Но я не поверила. Ходят тут всякие. Выведывают разные разности. Будто я их не видала.

Мы пересекли наш детдомовский двор. Обогнули сопливых малышей с воспитателкой, ну и нас обогнули парни из старших групп, которые перекликались отдельными буквами и словами, будто дурачки:

— Ну!

— Э-э!

— Ага!

Свора хитрованов в масках дурачков.

Моя Барбичка сжималась при их виде, чувствовала себя тут неуютно. Ей хотелось отсюда удрать — ну и удрала бы. Зачем ей я?

Наконец, мы нашли скамейку в тенечке. Она открыла свою сумку, достала бумажки и сразу стала опасной.
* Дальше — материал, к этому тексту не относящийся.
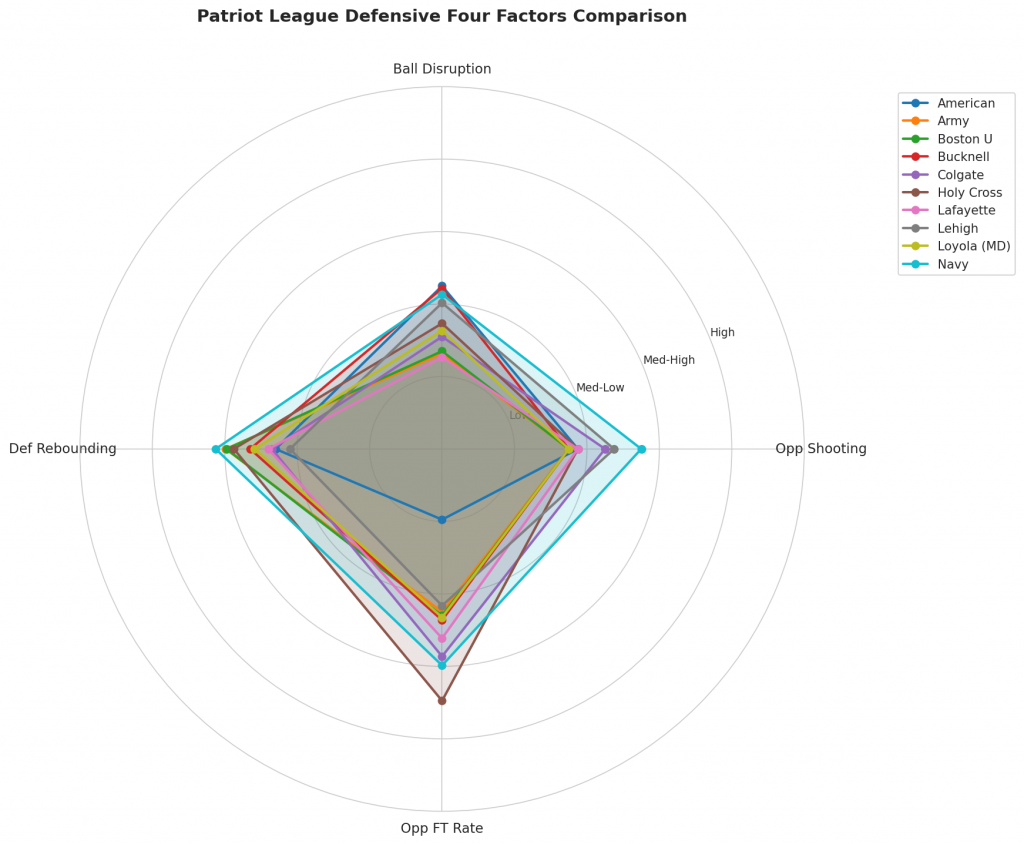 Figure 3: Defensive Four Factors comparison across Patriot League teams. The radar chart shows each team’s opponent shooting defense (Opp eFG%), ball disruption (forcing TOV%), defensive rebounding (DREB%), and opponent free throw prevention (Opp FT Rate).
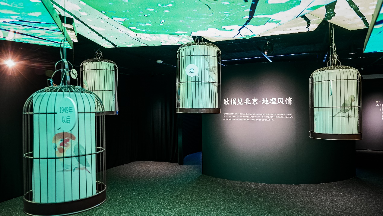 展览中一棵翠绿的“大树”,挂满了高低不同的鸟笼,读者不仅可在此享受夏天树下纳凉场景,感受年轮的流转,还可童趣般地将脑袋探入鸟笼聆听童瑶带来的别样欢乐。金代《泰和年间童谣》 、元朝《脚驴斑斑》、明朝《明正统京师童谣》等众多具有历史代表性的童谣,在鸟笼中欢唱着。用纱幕投影动态展示的北京街道影像,把胡同小吃和时令节气等人文主题童谣,融合在春、夏、秋、冬的季节光影里,让读者身临其境地感受着老北京歌谣的缤纷多彩与活泼可爱。《刘伯温造北京》《万寿山》《鲁班爷锯白塔》《前门楼子高不高》《前门情思大碗茶》等体现城市记忆、市井商业的歌谣,以及民间流传的歌谣、叫卖调、北京地区环境音、风声、雨声配合着图文互动大屏为读者精彩呈现。
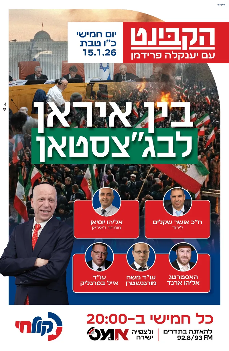 עם עיניים לאיראן, מתי טראמפ יתקוף ופתיחת המקלטים בישראל, לצד המשך שלטון בג"ץ והתערבותו בכל נושא ועניין הנוגע לחרדים, פאנל הפרשנים 'הקבינט' בהגשת יענקלה פרידמן מתכנס הערב (חמישי) לדון בכל הנושאים שהעסיקו אותנו השבוע.
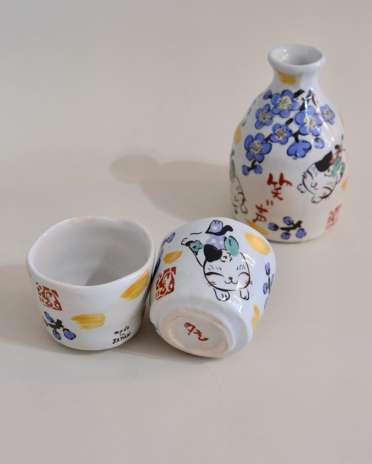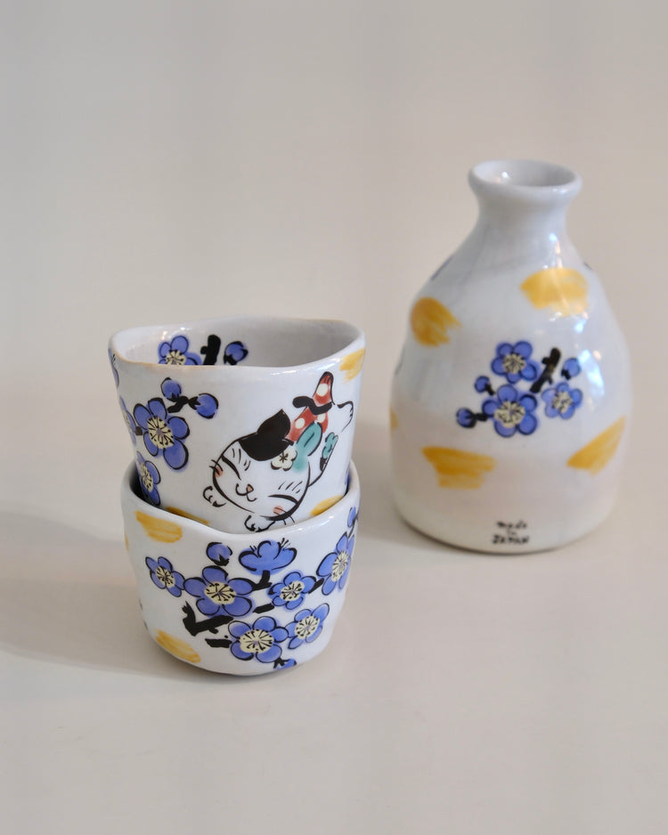 Yudachi Gama Blue Kitty Sake bottle w cups(Gift Box)

— Значит, зовут тебя Настя? Анастасия или Настасья?

— Чего? — не поняла я.

— Ну, у твоего полного имени есть разные варианты.

— Варианты? — Мне понравилась эта мысль. Но я не знала. И пожала плечами. Сказала:

— Мне все равно.

— Уточню, — проговорила Олола, — посмотрю в твоем личном деле.

Потом оторвалась от бумажек, собрала их махом и сунула в сумку. Наверное, они поэтому так и похожи эти два слова, что в сумку можно что-нибудь сунуть.

— Давай просто поговорим, — предложила Барби и улыбнулась мне, чтобы, наверное, расположить.

Но я была начеку.

— Что ты любишь? — спросила она.

— Ничего, — ответила я.

— Ну-у! — удивилась она. — А хотя бы мороженое? Газированную шипучку? Пирожные?

— Мне все равно, — ответила я. — Ем, что дают.

— А-а! — удивилась Олола. — Ну а котят, щеночков ты любишь? Радуешься им?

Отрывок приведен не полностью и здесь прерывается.